The Barton-upon-Humber Assembly Rooms is a Grade II listed building in Barton-upon-Humber, North Lincolnshire, opened in 1843 as a Temperance Hall.

Architecture
The building is two storeys in height and is built from local, red bricks capped with a Welsh slate roof. On the Queen's street frontage it has a central 6-panel door under an oblong fanlight within a pilastered doorcase with projecting cornice. This main entrance is flanked by two additional doorways, each a 4-panel door beneath an oblong fanlight. There are sashed windows with sixteen panes on the ground floor and twenty-four panes on the first floor.

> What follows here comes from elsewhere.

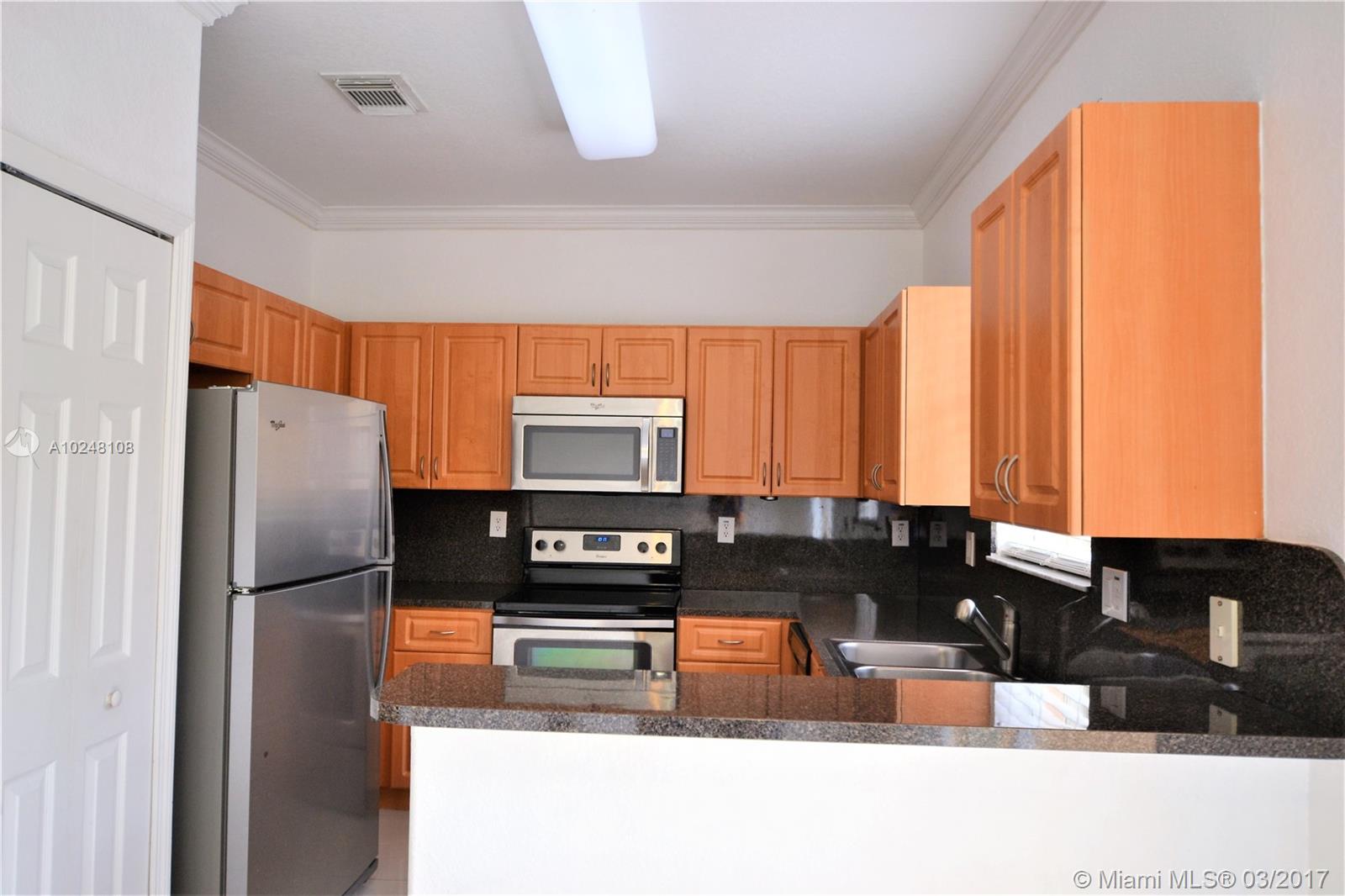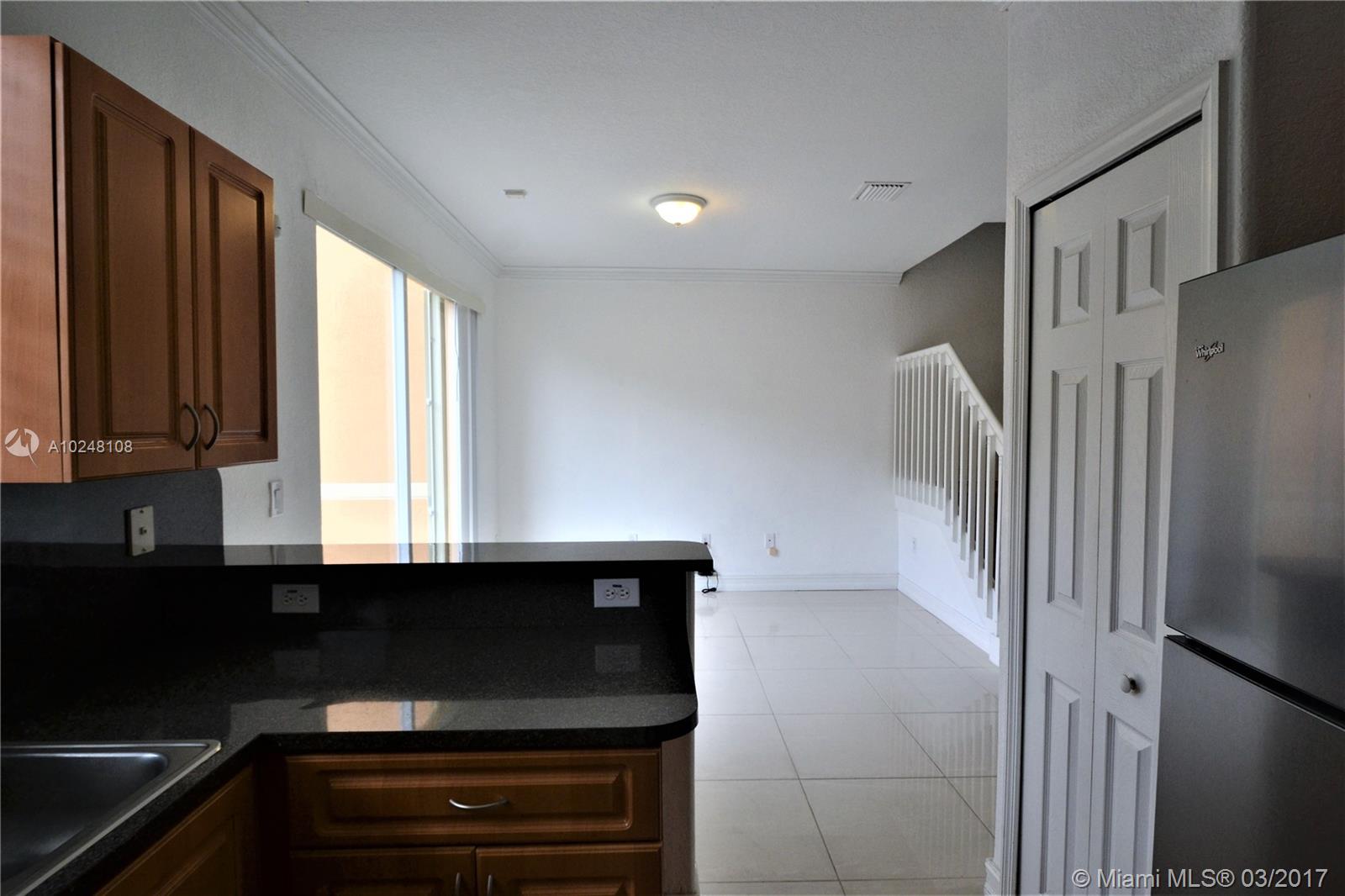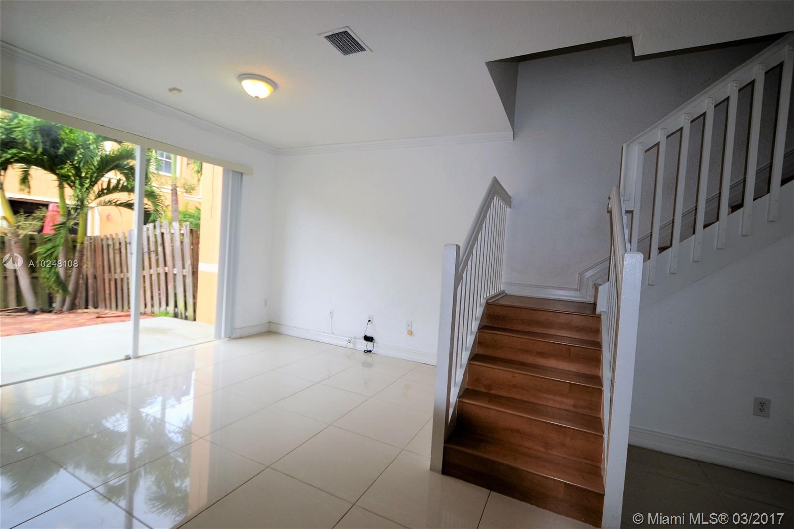 Spacious 3 bedroom/2.5 bathroom townhome in exclusive gated community. Property features all Bedrooms upstairs, fenced-in patio for entertaining, 1 car garage, with 2 additional outside parking spaces, stainless steel appliances, tile downstairs, laminate floors upstairs and accordion shutters. Clubhouse amenities include tennis courts, pool, basketball courts, playground and gym.

Each window has a channelled and cambered stone lintel with a larger central keystone. Above the first floor windows are recessed brick panels. At the top of this frontage, there is a stepped brick cornice. A stone plaque above the main door is carved with the words 'Assembly Rooms'. To the left of this is a  blue plaque recording its construction as a Temperance Hall in 1843.

History and use
The building was constructed in 1843 as a Temperance Hall at a cost of £700 following the formation of a Temperance Society in Barton in 1837. In 1903 the building was closed and offered for sale. In it was re-opened as the Assembly Rooms.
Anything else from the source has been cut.